LOS ANGELES (CNS) — The lives of people lost to the “long, dark months of the coronavirus pandemic” was on the mind of Archbishop José H. Gomez of Los Angeles during an observance on the eve of All Souls’ Day.
The archbishop remembered those who died and prayed “that God may grant them rest and let his light shine upon them” during a virtual bilingual prayer service Nov. 1 in the outdoor courtyard of the mausoleum at Calvary Cemetery and Mortuary in East Los Angeles.
The evening prayer service marked Día de los Muertos, the Day of the Dead, in what has become a tradition in the Los Angeles Archdiocese. Held for the seventh consecutive year, the celebration follows the Mexican tradition of reminiscing about departed family and friends with colorful altars, or “ofrendas,” on Nov. 1-2.
This year’s online celebration allowed families to celebrate a Catholic tradition that unites faith, prayer and cultural heritage to honor the faithful departed.
The pandemic limited to eight the number of altars on display at the cemetery. The archdiocese said the altars are dedicated to victims of COVID-19, the illness caused by the coronavirus, Kobe Bryant and his daughter Gigi, who died in a helicopter accident in January, homeless people, first responders and Army Spc. Vanessa Guillen, 20, who was murdered in April at Fort Hood, Texas, by another enlisted soldier.
Nonprofit organizations, parish ministry groups, Catholic school students and archdiocesan representatives crafted the altars, which Archbishop Gomez blessed during the service.
“Each year we look forward to our annual Día de los Muertos and All Souls’ Day observances as they are genuinely one of the most uplifting celebrations for all of employees and staff,” Brian McMahon director of community outreach of the archdiocesan Catholic Cemeteries and Mortuary Department, said in a news release.
“This year, due to the current COVID-19 pandemic, our team was challenged to create a meaningful program that allowed our patrons, family and friends to continue this magnificent tradition safely,” he explained.
Eduardo Lopez lost his father, Urbicio, 70, to COVID-19 in September. He said he and his wife, Ivonne, were “happy and honored to celebrate his life” through an altar that was built by parishioners at St. Genevieve Parish in the Panorama City neighborhood of Los Angeles.
“Last year, my father-in-law was reminiscing when he saw the photos of his parents and relatives on an altar we had at home, and today we have his photo on this altar,” Ivonne Lopez said.
During his prayer, Archbishop Gomez acknowledged the “heavy sorrow” people are feeling and asked that families and loved ones of those who died of COVID-19 find comfort and peace.
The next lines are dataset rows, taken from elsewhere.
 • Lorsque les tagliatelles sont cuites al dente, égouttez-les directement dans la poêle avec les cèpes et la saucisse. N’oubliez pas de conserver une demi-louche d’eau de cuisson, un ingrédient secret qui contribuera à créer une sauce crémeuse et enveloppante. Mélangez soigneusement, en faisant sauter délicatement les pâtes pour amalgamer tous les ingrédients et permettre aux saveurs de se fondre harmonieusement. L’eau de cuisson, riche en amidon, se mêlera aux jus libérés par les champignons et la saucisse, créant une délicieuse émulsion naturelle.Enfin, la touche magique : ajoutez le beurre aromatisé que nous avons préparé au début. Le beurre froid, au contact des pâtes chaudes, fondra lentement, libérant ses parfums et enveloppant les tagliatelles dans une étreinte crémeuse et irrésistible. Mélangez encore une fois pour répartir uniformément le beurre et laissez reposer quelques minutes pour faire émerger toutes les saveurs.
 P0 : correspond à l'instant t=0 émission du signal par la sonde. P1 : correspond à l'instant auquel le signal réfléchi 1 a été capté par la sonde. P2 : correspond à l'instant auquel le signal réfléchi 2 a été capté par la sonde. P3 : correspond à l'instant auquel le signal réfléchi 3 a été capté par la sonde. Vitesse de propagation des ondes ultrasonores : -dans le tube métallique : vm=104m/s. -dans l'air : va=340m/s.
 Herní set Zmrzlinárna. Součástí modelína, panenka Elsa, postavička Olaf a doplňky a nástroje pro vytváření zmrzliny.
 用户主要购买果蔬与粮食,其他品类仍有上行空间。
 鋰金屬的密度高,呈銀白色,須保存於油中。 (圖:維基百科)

He called on the faithful to remember that through the resurrection, Jesus lives and those who believe in Christ will never die.
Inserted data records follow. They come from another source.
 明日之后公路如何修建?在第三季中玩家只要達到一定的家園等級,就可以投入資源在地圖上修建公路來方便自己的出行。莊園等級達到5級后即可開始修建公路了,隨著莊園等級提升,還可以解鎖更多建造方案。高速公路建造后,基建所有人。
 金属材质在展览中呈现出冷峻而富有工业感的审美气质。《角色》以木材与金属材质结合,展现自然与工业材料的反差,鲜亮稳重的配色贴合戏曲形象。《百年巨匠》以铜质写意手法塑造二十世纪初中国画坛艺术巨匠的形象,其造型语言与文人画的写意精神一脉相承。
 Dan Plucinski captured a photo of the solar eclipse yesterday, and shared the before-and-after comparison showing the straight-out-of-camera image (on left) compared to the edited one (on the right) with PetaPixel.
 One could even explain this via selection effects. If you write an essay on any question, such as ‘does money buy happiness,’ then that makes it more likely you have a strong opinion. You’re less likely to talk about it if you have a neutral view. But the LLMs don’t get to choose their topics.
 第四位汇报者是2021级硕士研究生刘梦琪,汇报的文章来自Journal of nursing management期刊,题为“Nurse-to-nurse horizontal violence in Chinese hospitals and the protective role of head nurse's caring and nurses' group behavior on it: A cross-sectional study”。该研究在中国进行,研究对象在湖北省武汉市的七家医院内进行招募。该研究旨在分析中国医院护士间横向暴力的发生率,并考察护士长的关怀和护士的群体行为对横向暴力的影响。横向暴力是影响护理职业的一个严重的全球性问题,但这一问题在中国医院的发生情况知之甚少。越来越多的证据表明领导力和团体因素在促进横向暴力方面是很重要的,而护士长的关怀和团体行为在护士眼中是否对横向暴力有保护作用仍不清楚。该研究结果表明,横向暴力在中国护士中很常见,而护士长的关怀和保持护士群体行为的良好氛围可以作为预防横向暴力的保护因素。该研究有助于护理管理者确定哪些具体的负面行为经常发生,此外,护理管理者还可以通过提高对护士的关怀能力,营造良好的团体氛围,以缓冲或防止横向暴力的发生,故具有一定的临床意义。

“And in this moment, I think that the church has a special duty to bear witness to this hope that has been entrusted to us,” said the archbishop, who is president of the U.S. Conference of Catholic Bishops. “Right now, in this time of sorrow, in this time when people are fearful and when many people are in the grips of despair, we need to reach out, we need to speak to their sorrow.”
The celebration featured the pilgrim images of Our Lady of Guadalupe and St. Juan Diego, the Mariachi Charro de Oro de Adrian Cruz and a traditional sawdust carpet, or “tapete,” with the image of Blessed Carlo Acutis, who died of leukemia at age 15 and was beatified by Pope Francis Oct. 10.
The archdiocese also held a virtual Día de los Muertos Catechetical Day prior to the service. It included online videos that allowed students from 15 Catholic schools to participate from home, encouraging them to create a sacred space or altar in their home.